Stereocenters are reported against two RDKit oracles:
- Legacy CalcNumAtomStereoCenters: 99.98% (4998/4999). The 1 discrepancy is a polyester
where chematic correctly identifies 4 stereocenters while legacy misses 2 (confirmed by
FindPotentialStereo).
- New CIP FindPotentialStereo: 98.7% (4932/4999). The new oracle counts cage/bridgehead
atoms as potential stereocenters in 67 molecules; chematic and legacy both correctly
exclude these false positives.
How to reproduce
5. Installation & Deployment
| chematic | RDKit | |
|---|---|---|
| Python | pip install chematic |
conda install -c conda-forge rdkit |
| C/C++ compiler | Not required | Required (Boost) |
| Docker image size delta | ~4 MB | ~200 MB+ |
| GitHub Actions | Single pip line | Separate conda setup step |
| JavaScript / WASM | npm install @kent-tokyo/chematic (504 KB) |
No official package |
| Browser deployment | Yes | No |
6. Feature Comparison
| Feature | chematic | RDKit |
|---|---|---|
| pKa prediction | Built-in (15 SMARTS rules) | External tool required |
| ADMET profile (BBB, Caco-2, hERG, CYP3A4) | Built-in | External tool required |
| MCP server (AI agent integration) | 15 tools | Not available |
| LSH approximate nearest-neighbour index | Built-in | Not available |
| IUPAC name generation | Built-in (offline) | Not available |
| Browser / WASM deployment | Yes (504 KB) | No |
| ECFP4 batch speed | 5–14× faster | Baseline |
SMARTS atom map :N |
Yes | Yes |
| Retrosynthesis (template-based) | 60 retro-SMIRKS built-in | External tool |
| File formats | 20+ | 100+ |
| 3D conformer quality | Good (ETKDG rules) | Better (ML-assisted) |
| Community & publications | Growing | Established (20+ years) |
7. Batch Descriptor Computation
chematic.bulk.descriptors returns 55+ descriptors per molecule including ADMET and pKa — all in parallel.

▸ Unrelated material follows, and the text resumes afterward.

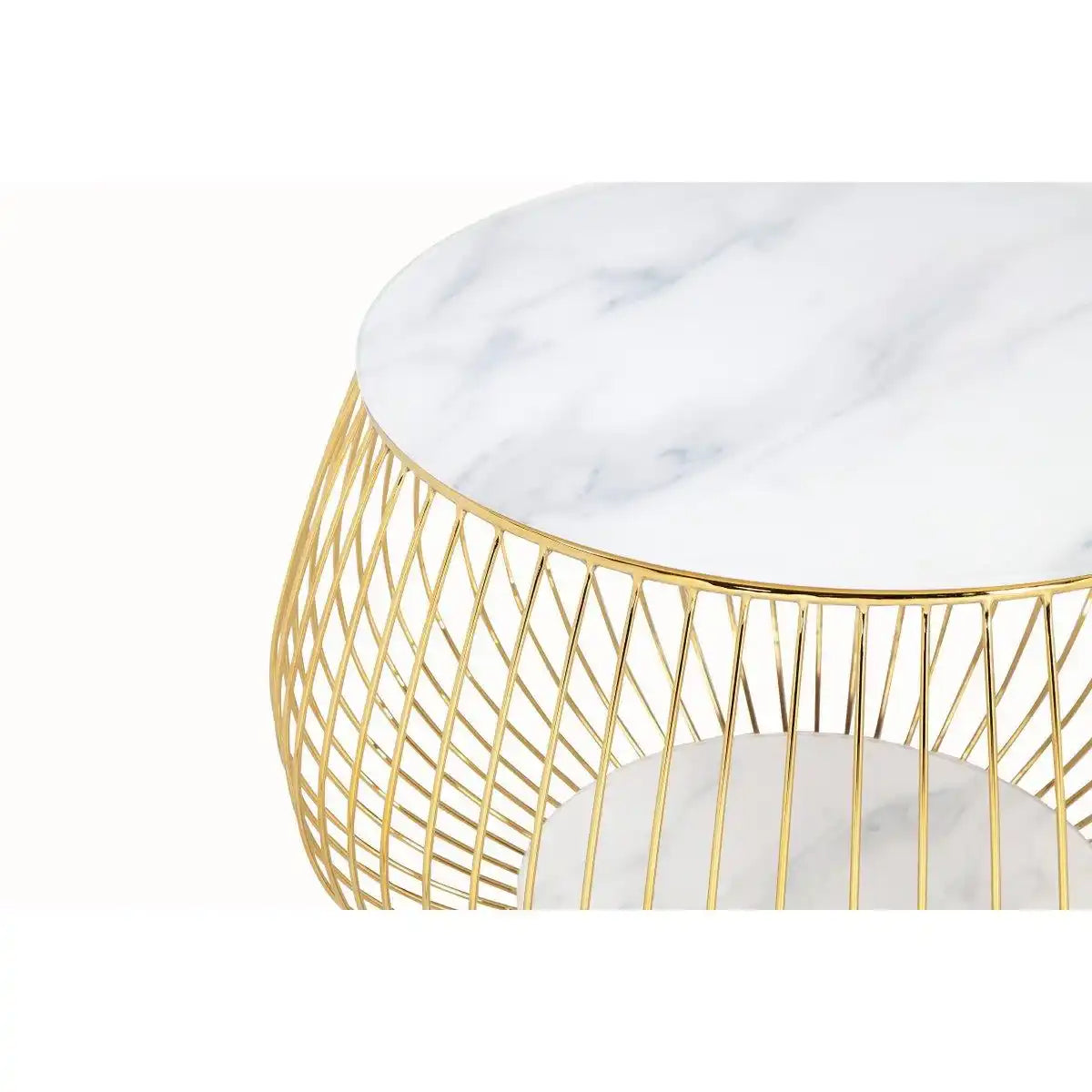 Der runde Couchtisch vereint modernes Design mit einer Portion Extravaganz. Die Kristallglasplatte mit Marmordruck passt perfekt zu dem goldfarbenen Gestell aus Metall. Der Sofatisch bietet genügend Ablagemöglichkeiten für z.B. Zeitschriften, Obst, Knabbereien oder eine Blumenvase. Durch sein attraktives Design und die runde Form ist dieser Couchtisch mit vielen Möbeln kombinierbar und findet auch in Ihrem Zuhause ein geeignetes Plätzchen. Die Oberfläche des Couchtisches ist sehr pflegeleicht und strapazierfähig. Kleinere Verschmutzungen können mit einem leicht feuchten Tuch entfernt werden. 6 mm starke Kristallglasplatte mit weißem Marmordruck, Gestell Ø10+05mm Metalldraht, Tischplatte Ø 60 cm.

chematic.bulk.descriptors_array returns selected columns as numpy arrays (~25% faster for column-oriented access).
| N | chematic (bulk.descriptors) |
Descriptors per call |
|---|---|---|
| 100 | ~10 ms | 55+ (incl. pKa, ADMET) |
| 1,000 | ~50 ms | 55+ (incl. pKa, ADMET) |
import chematic
import pandas as pd
# list-of-dicts (general purpose)
df = pd.DataFrame(chematic.bulk.descriptors(smiles_list))

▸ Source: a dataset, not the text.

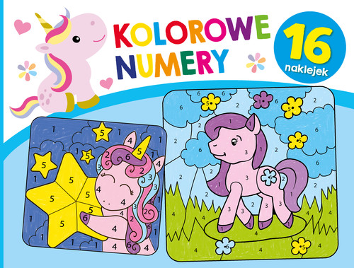 W książce znalazły się obrazki do pokolorowania według wzorów. Każda część ilustracji została opatrzona cyferką odpowiadającą konkretnej barwie, dzięki czemu mały artysta będzie mógł stworzyć piękne prace plastyczne. Zabawę ułatwią kolorowe naklejki miniaturki poszczególnych obrazków.

# columnar numpy arrays (faster for specific columns)
result = chematic.bulk.descriptors_array(smiles_list, ["mw", "logp", "tpsa", "hba"])
df = pd.DataFrame(result) # float64 / bool arrays, no per-molecule dict overhead
Compound screening
# One call bundles lipinski / veber / pains / brenk / qed / sa_score:
results = chematic.screen(smiles_list, profile="druglike")

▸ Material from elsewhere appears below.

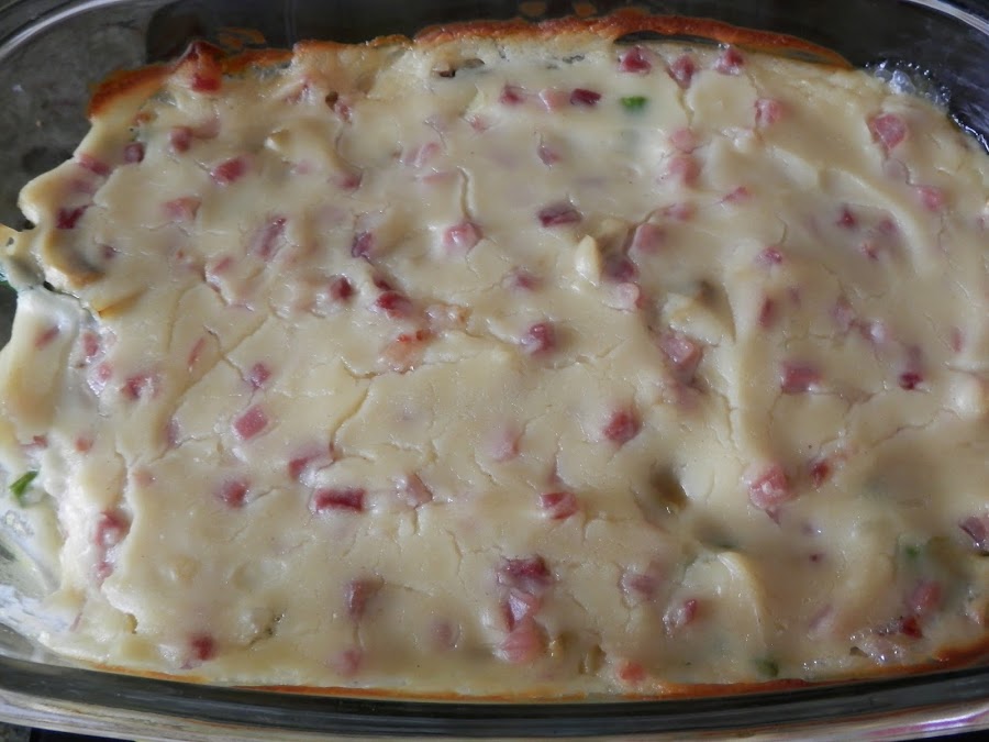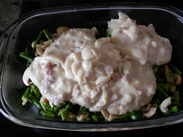 Echamos la bechamel de jamón por encima del salteado e introducimos en el horno.

passing = [r for r in results if r["overall_pass"]]
Large SDF files (streaming)
# iter_sdf() streams one record at a time — no full-file load:
for rec in chematic.iter_sdf("large.sdf"):
print(rec.smiles, rec.get("Activity"))
# batch pipeline:
for batch in chematic.iter_sdf_batched("large.sdf", batch_size=1000):
descs = chematic.bulk.descriptors([r.smiles for r in batch])
RDKit's rdkit.Chem.Descriptors.CalcMolDescriptors covers ~200 descriptors but does not include pKa or ADMET.